1. Field of the Invention
The present invention relates to a semiconductor device suitable for a ferroelectric memory and a method for manufacturing the same.
2. Description of the Related Art
In recent years, along with the advancing digital technology, there is an increasing trend toward large-capacity data processing or storing at high speed. Accordingly, a semiconductor device used for electronic equipment is required to be highly integrated and to exhibit higher performance.
On the back of this, in the semiconductor memory devices, for instance, with an aim to realize higher integration of DRAM, a technology that adopts a ferroelectric material or a high dielectric constant material for a capacitor insulating film of a capacitor element composing the DRAM, as a substitute for a conventional silicon oxide or a silicon nitride, has begun to be researched and developed broadly.
In addition, in order to realize a nonvolatile RAM capable of performing write operation and read operation at low voltage as well as high speed, a technology adopting a ferroelectric film having spontaneous polarization characteristic, as a capacitor insulating film, is also actively researched and developed. Such a semiconductor memory device is called a ferroelectric memory (FeRAM).

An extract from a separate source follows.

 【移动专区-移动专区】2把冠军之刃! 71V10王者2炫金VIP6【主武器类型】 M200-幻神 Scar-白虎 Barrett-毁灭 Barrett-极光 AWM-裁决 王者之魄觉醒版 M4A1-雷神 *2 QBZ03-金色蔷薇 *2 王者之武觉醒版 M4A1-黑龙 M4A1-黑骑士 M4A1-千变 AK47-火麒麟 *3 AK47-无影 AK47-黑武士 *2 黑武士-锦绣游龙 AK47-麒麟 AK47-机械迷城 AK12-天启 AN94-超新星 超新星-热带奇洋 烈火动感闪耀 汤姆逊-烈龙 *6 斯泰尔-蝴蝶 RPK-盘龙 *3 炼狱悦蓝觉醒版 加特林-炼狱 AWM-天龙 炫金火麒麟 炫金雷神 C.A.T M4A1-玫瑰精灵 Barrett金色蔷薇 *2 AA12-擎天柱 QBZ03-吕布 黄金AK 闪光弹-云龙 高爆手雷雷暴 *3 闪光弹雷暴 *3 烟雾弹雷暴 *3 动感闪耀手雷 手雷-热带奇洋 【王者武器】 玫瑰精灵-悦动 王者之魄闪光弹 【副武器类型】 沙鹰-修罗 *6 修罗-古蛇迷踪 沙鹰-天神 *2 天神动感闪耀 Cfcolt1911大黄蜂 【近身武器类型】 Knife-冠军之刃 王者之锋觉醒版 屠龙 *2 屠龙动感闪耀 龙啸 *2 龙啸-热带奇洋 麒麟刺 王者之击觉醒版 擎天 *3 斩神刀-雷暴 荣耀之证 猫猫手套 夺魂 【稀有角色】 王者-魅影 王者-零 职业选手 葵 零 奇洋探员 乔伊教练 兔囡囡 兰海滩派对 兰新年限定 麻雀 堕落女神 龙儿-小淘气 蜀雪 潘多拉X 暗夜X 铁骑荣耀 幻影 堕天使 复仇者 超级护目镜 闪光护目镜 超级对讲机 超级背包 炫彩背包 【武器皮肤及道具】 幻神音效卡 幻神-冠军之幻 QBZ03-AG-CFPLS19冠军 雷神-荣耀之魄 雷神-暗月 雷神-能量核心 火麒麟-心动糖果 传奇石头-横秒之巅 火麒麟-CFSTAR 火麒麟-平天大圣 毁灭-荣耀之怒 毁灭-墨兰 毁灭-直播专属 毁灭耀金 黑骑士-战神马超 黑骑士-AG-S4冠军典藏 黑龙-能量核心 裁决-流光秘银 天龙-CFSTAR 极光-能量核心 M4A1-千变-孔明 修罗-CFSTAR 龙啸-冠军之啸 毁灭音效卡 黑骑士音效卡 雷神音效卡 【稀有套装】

The ferroelectric memory stores information by taking advantage of a hysteresis characteristic of the ferroelectric memory. The ferroelectric memory is provided with a ferroelectric capacitor that is configured to have, as a capacitor dielectric film, a ferroelectric film in a manner sandwiched between a pair of electrodes. The ferroelectric film brings about polarization according to applied voltage between the electrodes, and has spontaneous polarization even if the applied voltage is removed. Besides, if the polarity of the applied voltage is inversed, then the polarity of the spontaneous polarization is also inversed. Accordingly, the detection of the spontaneous polarization allows reading out the information. The ferroelectric memory operates at a voltage lower than that for operating a flash memory, enabling a power-saving and high-speed write operation.

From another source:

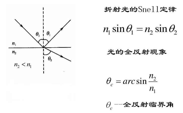 當光射到兩種介質界面,只產生反射而不產生折射的現象.當光由光密介質射向光疏介質時,折射角將大于入射角.當入射角增大到某一數值時,折射角將達到90°,這時在光疏介質中將不出現折射光線,只要入射角大于上述數值時,均不再存在折射現象,這就是全反射.所以產生全反射的條件是:①光必須由光密介質射向光疏介質.②入射角必須大于臨界角。臨界角是折射角為90度時對應的入射角

It should be noted that, when manufacturing a ferroelectric capacitor, a thermal treatment under an oxygen environment needs to be conducted two times or more to recover damage caused in the ferroelectric film. Therefore, as a material for an upper electrode, a metal being difficult to be oxidized even under the oxygen environment, such as platinum or the like, or otherwise a conductive oxide such as IrOx, RuOx, or the like, is employed.
In APPL. Phys. Lett. 65, P.19 (1994) (Non-patent document 1), there is a description saying that, as a material of an upper electrode and a lower electrode sandwiching a ferroelectric film formed of PZT (Pb (Zr, Ti) O3), the use of iridium oxide (IrO2) can prevent the ferroelectric capacitor from fatigue to thereby ensure favorable capacitance characteristics. However, it is known that, with the use of the IrO2 electrode, an abnormally grown large crystal formed of IrO2 is apt to be generated on the surface of the electrode. Such a large crystal causes to produce a defect, degrades electric characteristics of the ferroelectric capacitor, and eventually lowers the yield of the semiconductor device.
Further, in Japanese Patent Application Laid-Open No. 2001-127262 (Patent document 1), for the purpose of solving the above-stated problem, there is disclosed a two-step sputtering method, in which an IrO2 film is formed at low power and further an IrO2 film is formed at high power thereafter. In Japanese Patent Application Laid-Open No. 2000-91270 (Patent document 2), for the same purpose, there is disclosed a method, in which an Ir film and an IrO2 film are formed in a row. Further, for reducing holes in the ferroelectric film, there is also disclosed a method in which an IrO2 film is formed followed by a RTA (Rapid Thermal Annealing) and further an Ir film is formed.
Similar to the other semiconductor devices, the ferroelectric memories are also demanded a miniaturization, low-voltage operation, and so forth. In the ferroelectric memory manufactured by the previously-described conventional method, however, the decline in the polarization inversion amount (switching charge amount) Qsw, which is caused together with the ferroelectric film being thinned, becomes more significant, and at the same time the coercive voltage becomes difficult to decline. When the polarization inversion amount declines, the ferroelectric memory becomes difficult to operate at low voltage, and when the coercive voltage is difficult to decline, the speed of inverting polarity becomes difficult to be improved.